» **GIVEN MATERIAL**:
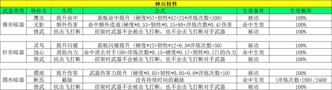 暗器的神兵特性:目前暗器有三种,实战效果以及实用场合暂时还没有去尝试,玩家请自行摸索。
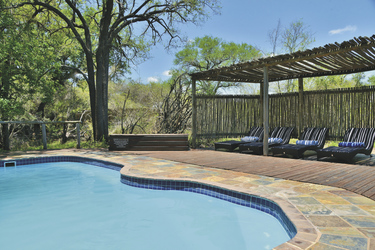 Im offenen Hauptgebäude befindet sich das Speisezimmer mit einer großen Holzveranda, wo überwiegend die Mahlzeiten eingenommen werden, und eine Bar, jeweils mit Blick auf ein Wasserloch im Trockenflussbett. Im Loungebereich brennt am Abend im Kamin ein lauschiges Feuer, hier finden Sie limitiertes WLAN. Unter dem Sternenhimmel sitzt man abends um die Feuerstelle und genießt einen guten Tropfen aus dem wohlsortierten Weinkeller. Ein kleiner Shop, eine Bibliothek und ein Pool mit Sonnenterrasse runden das Serviceangebot ab. Eine Spa-Behandlung kann in der eigenen Suite durchgeführt werden. Eingeschlossene Aktivitäten: Pirschfahrten auf den befestigten Straßen des Krüger Nationalparks und auf den Wegen der eigenen Konzession. Optional kann ein Sleep-Out unter den Sternen Afrikas gebucht werden (ab 4 Personen ohne Extrakosten).
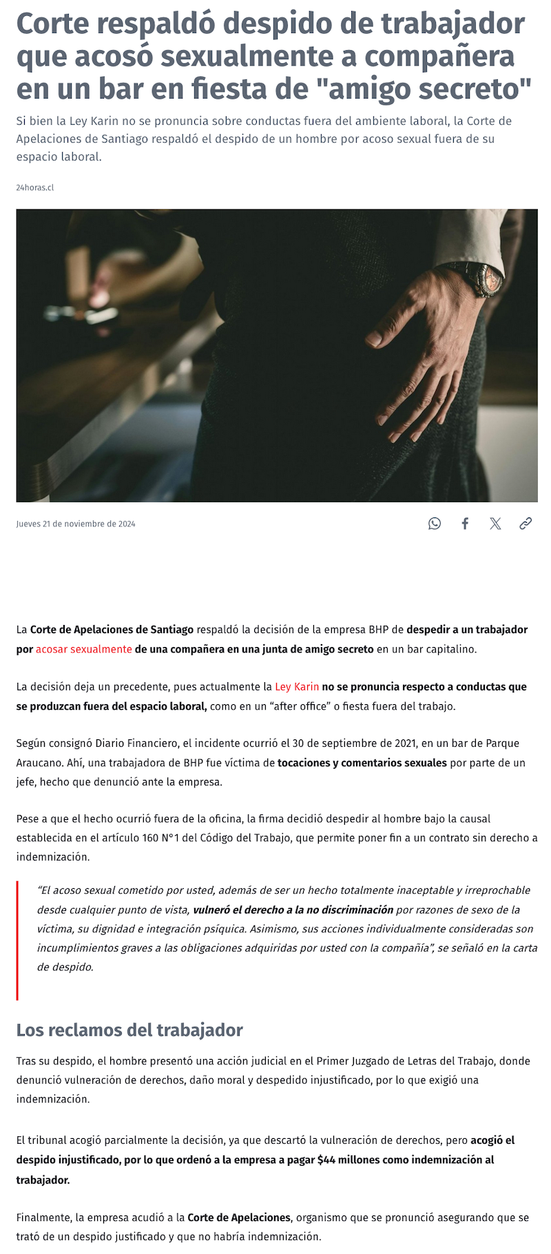 Despido en BHP tras "after office" abre debate por ley Karin: ¿Qué pasa si hay acoso fuera del trabajo? - (emol)

» **TASK STATEMENT**: Write out the listing again word for word, but without its pictures.

» **RESULT BELOW**:
 暗器的神兵特性:目前暗器有三种,实战效果以及实用场合暂时还没有去尝试,玩家请自行摸索。
 Im offenen Hauptgebäude befindet sich das Speisezimmer mit einer großen Holzveranda, wo überwiegend die Mahlzeiten eingenommen werden, und eine Bar, jeweils mit Blick auf ein Wasserloch im Trockenflussbett. Im Loungebereich brennt am Abend im Kamin ein lauschiges Feuer, hier finden Sie limitiertes WLAN. Unter dem Sternenhimmel sitzt man abends um die Feuerstelle und genießt einen guten Tropfen aus dem wohlsortierten Weinkeller. Ein kleiner Shop, eine Bibliothek und ein Pool mit Sonnenterrasse runden das Serviceangebot ab. Eine Spa-Behandlung kann in der eigenen Suite durchgeführt werden. Eingeschlossene Aktivitäten: Pirschfahrten auf den befestigten Straßen des Krüger Nationalparks und auf den Wegen der eigenen Konzession. Optional kann ein Sleep-Out unter den Sternen Afrikas gebucht werden (ab 4 Personen ohne Extrakosten).
 Despido en BHP tras "after office" abre debate por ley Karin: ¿Qué pasa si hay acoso fuera del trabajo? - (emol)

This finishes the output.